GM mustard: SC concerned over risks involved, to resume hearing next week
The apex court voiced the concern about risk factors while hearing separate pleas from activist Aruna Rodrigues and the NGO Gene Campaign seeking a moratorium on the release of any GMOs into the environment pending a comprehensive, transparent and rigorous bio-safety protocol in the public domain conducted by agencies of independent expert bodies the results of which are made public.
The Supreme Court is more concerned about the risk factors than anything else when it comes to the conditional approval granted by the Centre for the environmental release of genetically modified (GM) mustard.
The apex court voiced this concern on Tuesday while hearing separate pleas from activist Aruna Rodrigues and the non-governmental organization (NGO) Gene Campaign seeking a moratorium on the release of any genetically modified organisms (GMOs) into the environment pending a comprehensive, transparent and rigorous bio-safety protocol in the public domain conducted by agencies of independent expert bodies the results of which are made public.
On October 25 last year, the Genetic Engineering Appraisal Committee (GEAC) under the Union environment ministry had approved the environmental release of transgenic mustard hybrid DMH-11 and the parental lines containing barnase, barstar and bar genes so they could be used for developing new hybrids.
As the matter came up before a bench of Justices Dinesh Maheshwari and BV Nagarathna, Attorney General R Venkataramani, appearing for the Centre, referred to the timeline of conditional approval for environmental release of transgenic mustard hybrid DMH-11 and said all relevant aspects were deliberated upon and considered.
"In fact, it is the risk factors which concern us more," the bench observed during the hearing, which will continue next week.
In its additional affidavit filed in the top court in November last year, the Centre had said this conditional approval had been made after a "long and exhaustive regulatory review process" which had commenced in 2010.
The affidavit said the Centre had taken the decision on environmental release after "in-depth" consideration of all aspects of bio-safety and health hazards.
During the arguments in the matter last month, the apex court had asked the Centre whether there was any compelling reason for the environmental release of GM mustard failing which the country will be doomed.

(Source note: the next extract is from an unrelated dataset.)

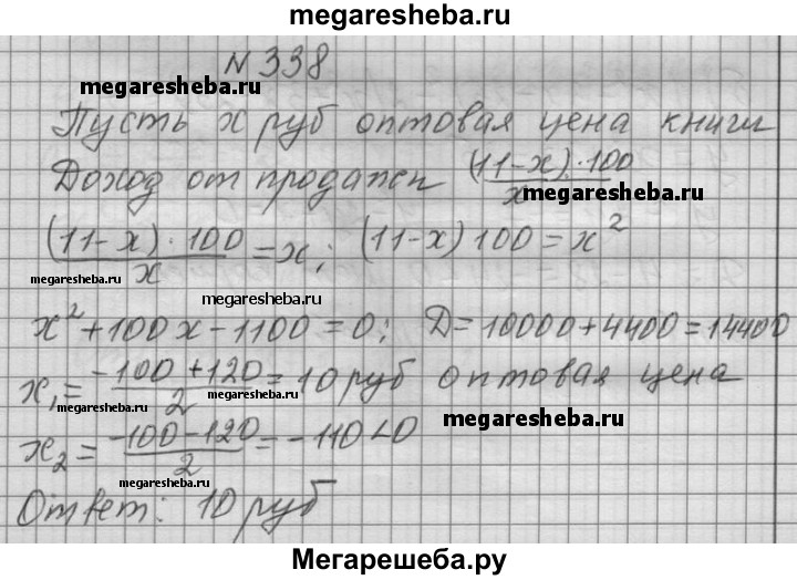 338. Торговец покупает книги по оптовой цене, а продаёт за 11 р. Он подсчитал, что доход от продажи одной книги в процентах равен оптовой цене книги в рублях. Какова оптовая цена книги?
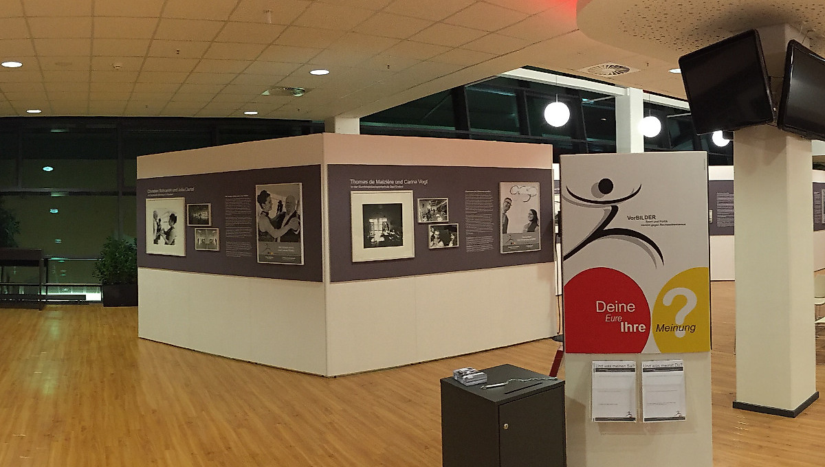 An drei Tagen ist im Stadion Dresden die Fotoausstellung „Sport und Politik vereint gegen Rechtsextremismus“ zu sehen. 86 Schwarz-Weiß-Porträts zeigen 22 Duos aus Sport und Politik, die sich mit individuellen Aussagen gegen Fremdenfeindlichkeit und Diskriminierung, für Fairplay, Demokratie und Menschenwürde positionieren.

The Centre had told the top court that the opposition by activists, experts and scientists to GM crops is "ideological" rather than based on scientific rationale.
It had said the government had followed all regulatory processes as per the framework recommended by the Technical Expert Committee (TEC) appointed by the court.
Advocate Prashant Bhushan, appearing for Rodrigues, had submitted that the seeds of GM mustard had started germinating after their environmental release and, before the plants started flowering in a few weeks, they must be uprooted to prevent the environment from getting irreversibly contaminated.
At a meeting on October 18 last year, the GEAC, the country's regulator for GMOs, recommended the environmental release of mustard hybrid DMH-11 for seed production and testing "as per the existing ICAR guidelines and other extant rules/regulations before commercial release".
The transgenic mustard hybrid DMH-11 has been developed by the Centre for Genetic Manipulation of Crop Plants (CGMCP) at Delhi University.
The government has so far approved only one GM crop — Bt cotton — for commercial cultivation in 2002.
Gene Campaign is a grassroots-level NGO in India founded by Suman Sahai and a group of people concerned about food and livelihood security. It works in the field of bioresources, farmers' and community rights, intellectual property rights (IPRs) and indigenous knowledge, biopiracy, regulations of GMOs, and the impact of climate change on agriculture and food. The group has been an outspoken critic of the government's policies on genetically engineered organisms.